I\'ve been developing a workflow for practicing a mostly automated continuous deployment cycle for a PHP project. I\'d like some feedback on possible process or
I don't know whether this is relevant to PHP, but you can replace at least at least some of the code review stage with static analysis.
The quality of code reviews is relying on the quality of the reviewers, while static analysis relies on best practices and patterns, and is fully automatic. I'm not saying that code reviews should be abandoned, I simply think it can be done off-line.
See
http://en.wikipedia.org/wiki/Static_code_analysis
http://en.wikipedia.org/wiki/List_of_tools_for_static_code_analysis
Importent to make your tests extremely fast, i.e. no IO and ability to run parallel and distributed tests. Don't know how applicable it is with php, but if you can test units of code with in memory db and mock the environment you'll be better off.
If you have a QA/QC or any human in the way between the commit and production you would have a problem getting to a full continuous deployment. The key is your trust your testing, monitoring and auto response (immune system) enough to eliminate error prone process evolving humans from your system.
How many people are working on it? If you only have maybe 10 or 20 developers, I'm not sure it will make sense to put such an elaborate workflow into place. If you're managing 500, sure...
My personal feeling is KISS. Keep It Simple, Stupid... You want a process that's both efficient, and more important: simple. If it's complicated, either nobody is going to do it right, or after time parts will slip. If you make it simple, it will become second nature and after a few weeks nobody would question the process (Well, the semantics of it anyway)...
And the other personal feeling is always run all of your UNIT tests. That way, you can skip a whole decision tree in your flow chart. After all, what's more expensive, a few minutes of CPU time, or the brain cycles to understand the difference between the partial test passing and the massive test failing. Remember, a fail is a fail, and there's no practical reason that code should ever be shown to a reviewer that has the potential to fail the build.
Now, Selenium tests are typically quite expensive, so I might agree to push those off until after the reviewer approves. But you'll need to think about that one...
Oh, and if I was implementing this, I would put a formal QC stage in there. I want human testers to look at any changes that are being made.
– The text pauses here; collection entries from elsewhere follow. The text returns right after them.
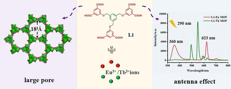 图4. 柔性配体同时实现大孔MOFs和镧系离子的天线效应发光。
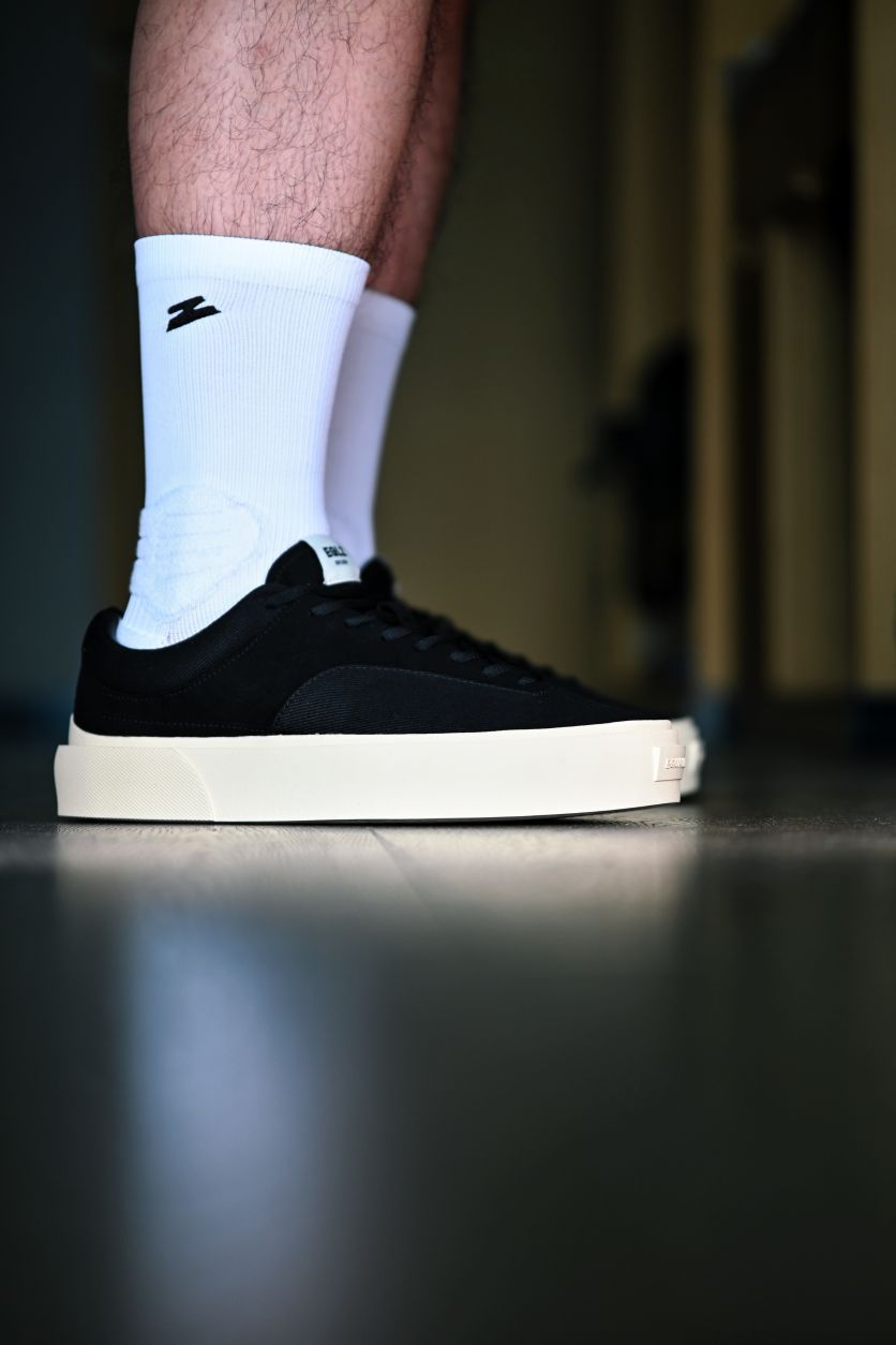 黑武士上脚果然就是帅 织物和翻毛皮的拼接鞋面是亮点🤔 加上氧化黄中底,简约又百搭的休闲板鞋get 不过的确有点吸灰不耐脏,特别是翻毛皮这一块😌😌 fault22发售这么多年来,依旧还是每次出门首选😋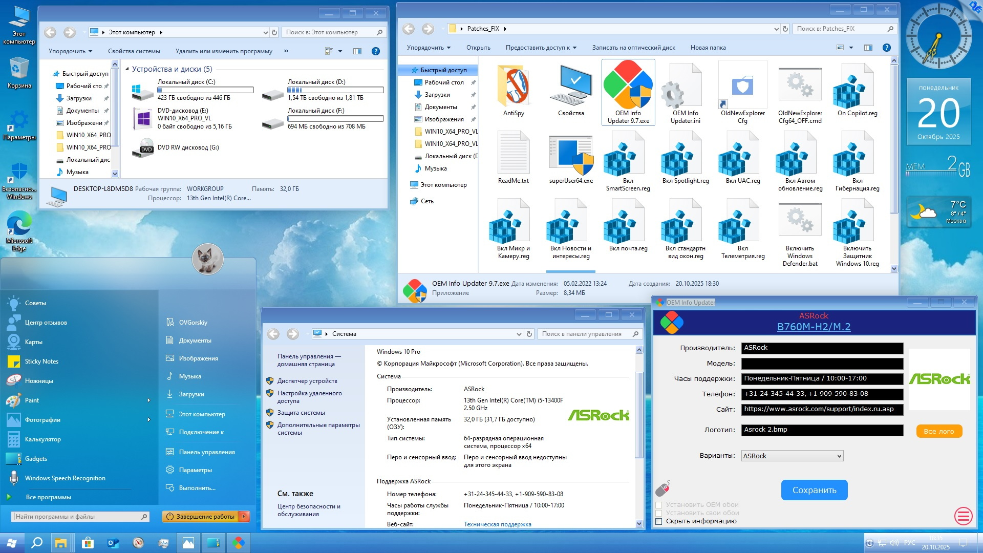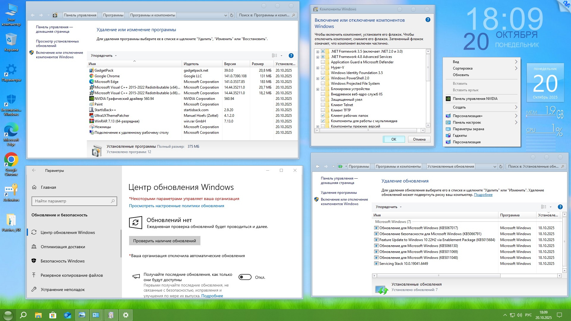 Сборка на основе оригинального русского образа Windows 10 Pro VL (22H2) с обновлениями по Октябрь 2025 года от Microsoft и дополнительным материалом . Установка полностью стандартная "вручную" с выбором параметров установки ОС. Интегрированы: программа для возврата в систему привычных нам кнопки и меню "Пуск", гаджеты для рабочего стола, дополнительные темы и картинки рабочего стола, обновления системы и пр.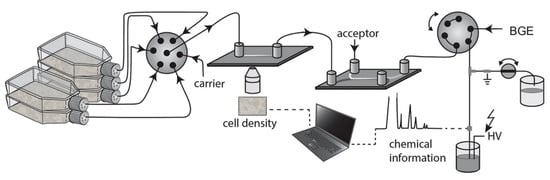 Breadmore’s group (from the University of Tasmania, Tasmania, Australia) developed an elaborate automated platform for the online, real-time monitoring of suspension cultures based on FIA–CE technology. It integrates microfluidic components for cell counting and filtration with a CE separation technique. This is perhaps the most sophisticated FIA–CE combination reported thus far. Variants of this platform for different applications have been demonstrated in several publications [12,13,14]. For example, in the latter work, equipment for the monitoring of the extracellular content from five parallel suspension cultures was developed. This equipment combines cell density measurements with high-resolution CE separations every 12 min for four days (see Figure 5). The set-up features selector and switching valves, which provide the fluidic control required for sampling from a culture during the analysis of the previous sample from another culture. The sample is sequentially withdrawn from one of the five culture flasks, controlled by the selector valve. To prevent cross-contamination between samples, a carrier solution (5% methanol) is used to rinse the connecting tubing to prevent cross-contamination between samples. Cell density measurements are performed using automated image analysis. The sample is then transported to a microfluidic separator, an H-filter, whose role is to prevent debris from the cell culture entering the capillary. The H-filter extracts analytes into a cell-free solution flow, which is analyzed by CE with a contactless conductivity detector by inserting the inlet end of the separation capillary directly into this flow (as described above in Figure 1).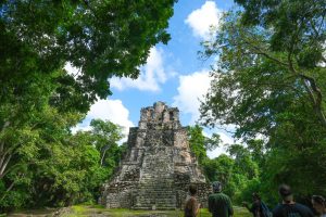 De aquí se avanza hacia Cobá, una ciudad maya comunicada a través de una extensa red de caminos blancos, los sacbé, que comunicaba a otros pueblos mayas, con una pirámide Nohoch Mul, de casi 50 metros de altura.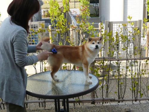 お出かけ前に、お庭でブラッシング。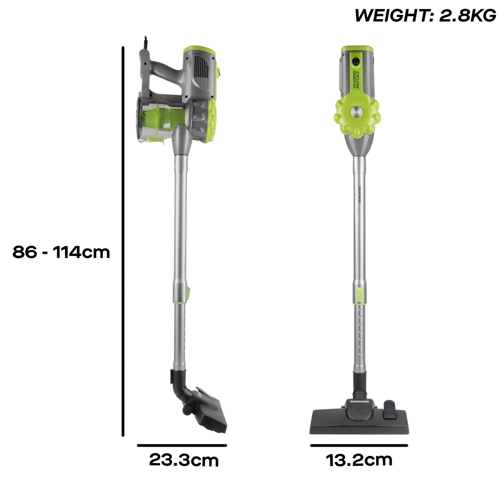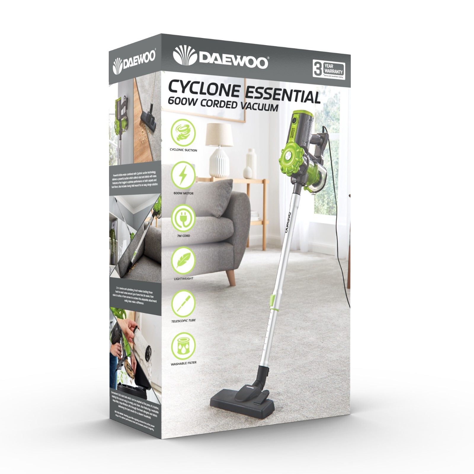 Powerful Cleaning, Effortless Experience - Discover the Daewoo Cyclone Essential Vacuum Cleaner. Its powerful 600W motor, paired with advanced cyclonic suction technology, ensures that even the most stubborn dirt and debris are effortlessly collected, whether you're tackling carpets or hard floors.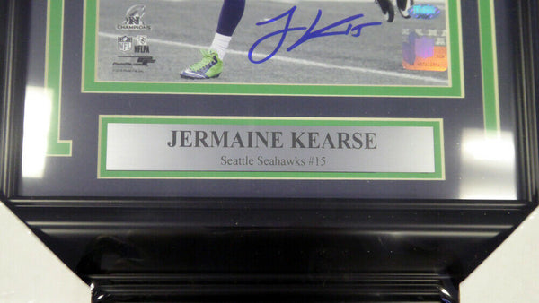 This is a framed 8x10 photo, approximately 15x18 with the frame, that has been hand signed by Jermaine Kearse. It comes with the tamper-proof Mill Creek Sports hologram and matching certificate of authenticity.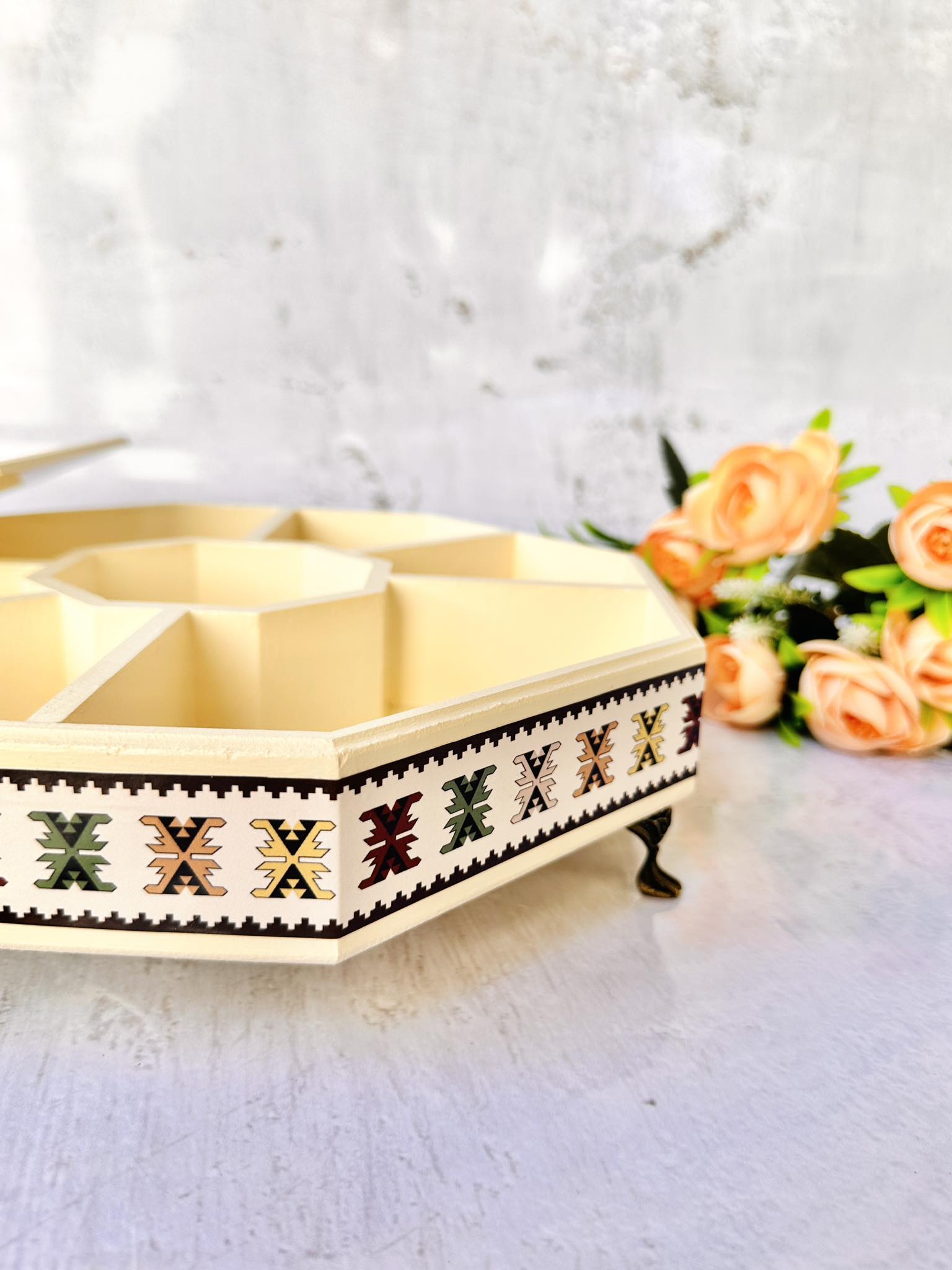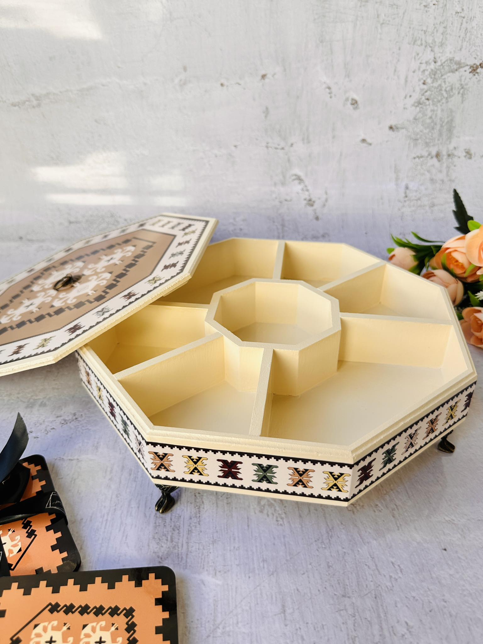 🗂️ Organizer: Ovaj bombonjer učiniti će vaš sto elegantnijim i bogatijim. Njegove razdjelne pregrade omogućavaju vam da organizujete različite poslastice ili sitnice, dok mu poklopac čijem smo dizajnu posvetili posebnu pažnju pruža zaštitu od prašine i ostalih vanjskih uticaja.

Yes, Selenium can verify the things you know about, but only a human can find things you didn't think of. Feed back their findings into new Selenium and Integration tests to prevent regressions...
All handovers between functions have the effect of slowing things down, and with that, an increase of the amount of change (and hence risk) that goes in to a deployment.
Manual quality gates are by definition an acceptance that quality has not been built in from the start. The only reason code needs to be reviewed later is because there is some belief that the quality is not good enough already.
I'm currently trying to remove formal code review from our pipelines for exactly this reason. It causes feedback delays, and quoting Martin Fowler:
"The whole point of Continuous Integration is to provide rapid feedback. Nothing sucks the blood of a CI activity more than a build that takes a long time. "
Instead I'd like to make code review something that submitters request if required, or otherwise is done at the time of coding by team members, perhaps a la XP pair programming.
I think it should be your goal that once the code is merged to source control, that there is absolutely no more manual intervention.